She had dropped the two pieces of the Needle in the river before Albie’s funeral. She had known then that she would always be able to find the Needle if she needed to, that it spoke to her even when she ignored its voice. She stretched out her siphon hand and hummed, not thinking about the pitch, the frequency, the line that would show on the oscilloscope. She thought only about how the Needle had helped her when she needed it to break into the Dome and destroy the magical prototype, even when she had needed it to destroy the Dark One.
She needed it again.
She hovered in the channel between Earth and Genetrix without gravity pulling her in either direction. This was the closest she had ever come to feeling weightless. She thought of Albie’s voice whispering in her ear to beckon her toward Genetrix, and she whispered into the pocket of air she had created around her head. “Come on . . .” she said. “Come on!”
Something in front of her glittered, despite the absence of light. Two slim fragments took shape in front of her; they were metallic in appearance, but not any metal ARIS scientists had been familiar with. Every part of her sang with relief. She reached for them.
The first brush against the Needle pieces shocked her and made her body go rigid. For a second she was afraid that they had pricked her again, buried themselves back in her hand, but then she saw them gleaming in her palm.
She had beckoned, and they had come. The phrase the manifestation of impossible wants had never made more sense to her. It was magic.

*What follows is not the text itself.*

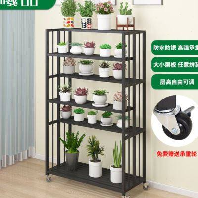 铁艺室外防水防腐可移动带轮花架置物架多层落地式客厅玄关展示架

She pinched one half of the Needle between the fingers of her left hand and the other half with her right, keeping them in separate hands as she kicked up from the ground, swimming toward the surface.
The pocket of air around her face collapsed without warning as she swam away from the space between worlds, and she kicked harder. Her legs ached when she finally saw the light from the city above her, just a spark at first, a lit match in the dark, and then a glow. And then—air, and the river’s edge. Sloane threw herself over it and collapsed to the concrete, gasping.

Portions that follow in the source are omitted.